▶ _Goal of the exercise_
Once you reach the line that holds "Lãnh đạo Báo" in the listing below, output it and every line after it through the line that holds "A Crayola 2014-es", word for word.

▶ _Excerpted data_
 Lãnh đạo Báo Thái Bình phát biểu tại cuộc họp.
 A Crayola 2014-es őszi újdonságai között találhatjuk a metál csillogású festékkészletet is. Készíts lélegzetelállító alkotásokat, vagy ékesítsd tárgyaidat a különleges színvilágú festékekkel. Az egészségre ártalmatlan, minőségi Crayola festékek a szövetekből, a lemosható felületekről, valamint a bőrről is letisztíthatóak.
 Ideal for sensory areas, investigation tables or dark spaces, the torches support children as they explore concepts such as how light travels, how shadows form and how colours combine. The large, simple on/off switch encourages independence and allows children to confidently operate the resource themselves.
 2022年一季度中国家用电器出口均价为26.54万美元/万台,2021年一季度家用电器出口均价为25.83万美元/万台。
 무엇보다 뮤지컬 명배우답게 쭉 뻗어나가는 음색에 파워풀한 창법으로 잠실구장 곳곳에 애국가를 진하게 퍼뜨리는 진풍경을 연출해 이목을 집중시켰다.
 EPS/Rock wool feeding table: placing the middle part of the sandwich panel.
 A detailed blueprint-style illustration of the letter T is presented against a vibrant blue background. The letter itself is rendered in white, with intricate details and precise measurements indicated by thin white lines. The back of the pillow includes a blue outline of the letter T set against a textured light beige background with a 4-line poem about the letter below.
==
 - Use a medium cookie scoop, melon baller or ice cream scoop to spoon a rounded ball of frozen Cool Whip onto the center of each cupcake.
--
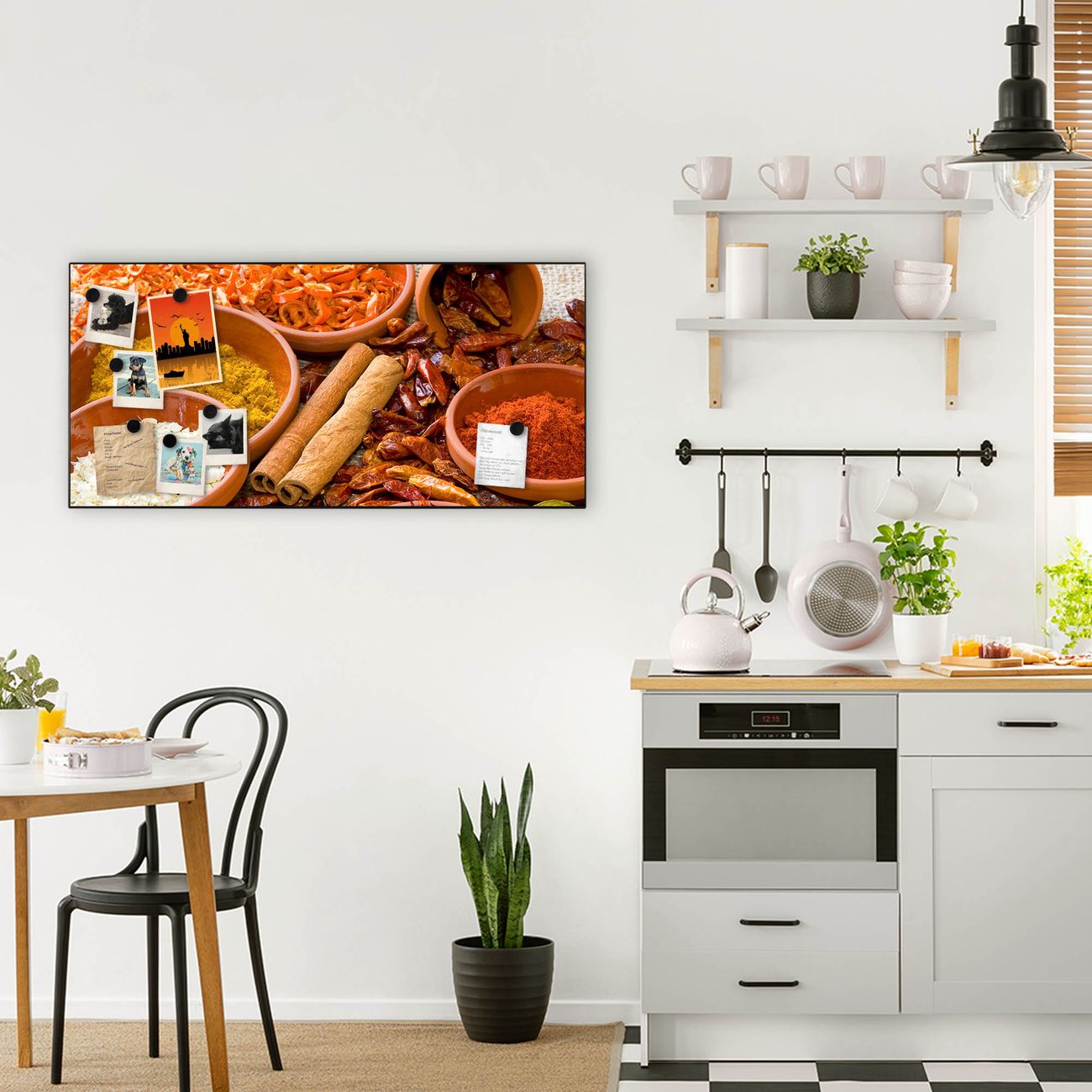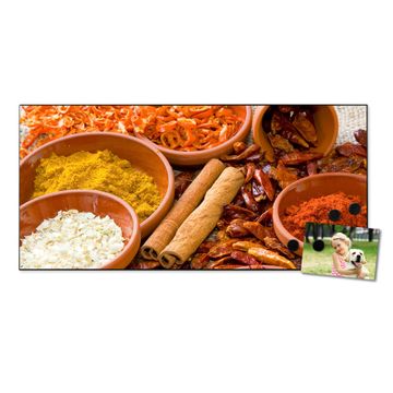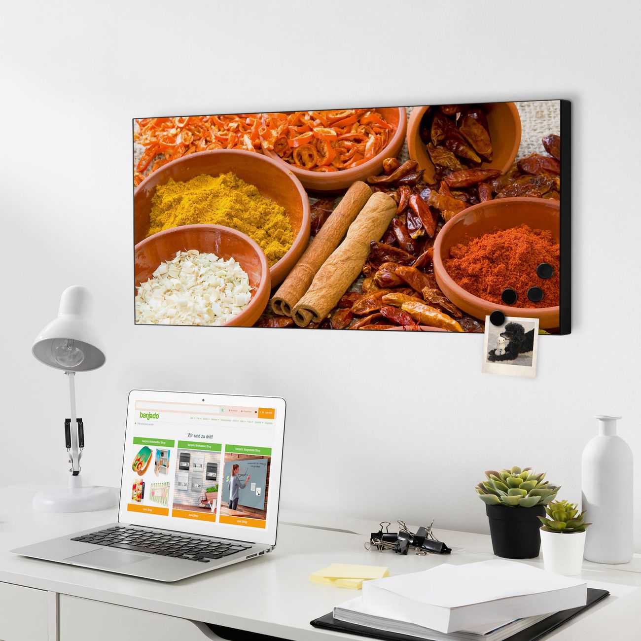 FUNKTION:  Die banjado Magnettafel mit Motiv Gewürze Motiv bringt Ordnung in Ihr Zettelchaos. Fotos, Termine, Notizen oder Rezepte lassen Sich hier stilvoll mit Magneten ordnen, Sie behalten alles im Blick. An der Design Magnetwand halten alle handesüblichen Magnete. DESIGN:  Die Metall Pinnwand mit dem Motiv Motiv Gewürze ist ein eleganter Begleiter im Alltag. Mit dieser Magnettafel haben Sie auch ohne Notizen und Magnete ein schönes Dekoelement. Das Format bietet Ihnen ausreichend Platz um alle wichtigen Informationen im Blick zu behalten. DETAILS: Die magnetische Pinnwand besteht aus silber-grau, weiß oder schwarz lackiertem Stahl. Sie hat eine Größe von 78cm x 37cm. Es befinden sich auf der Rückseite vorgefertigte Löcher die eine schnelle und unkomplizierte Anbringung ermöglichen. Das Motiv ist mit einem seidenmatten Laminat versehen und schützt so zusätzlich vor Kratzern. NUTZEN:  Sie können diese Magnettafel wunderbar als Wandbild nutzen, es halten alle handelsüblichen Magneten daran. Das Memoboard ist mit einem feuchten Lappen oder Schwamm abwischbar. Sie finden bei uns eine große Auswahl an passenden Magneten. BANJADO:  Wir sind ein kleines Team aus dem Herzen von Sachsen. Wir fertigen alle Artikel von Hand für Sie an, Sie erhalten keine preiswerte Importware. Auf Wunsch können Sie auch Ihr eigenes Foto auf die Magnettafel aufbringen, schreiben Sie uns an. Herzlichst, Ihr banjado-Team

▶ _Exercise output_
 Lãnh đạo Báo Thái Bình phát biểu tại cuộc họp.
 A Crayola 2014-es őszi újdonságai között találhatjuk a metál csillogású festékkészletet is. Készíts lélegzetelállító alkotásokat, vagy ékesítsd tárgyaidat a különleges színvilágú festékekkel. Az egészségre ártalmatlan, minőségi Crayola festékek a szövetekből, a lemosható felületekről, valamint a bőrről is letisztíthatóak.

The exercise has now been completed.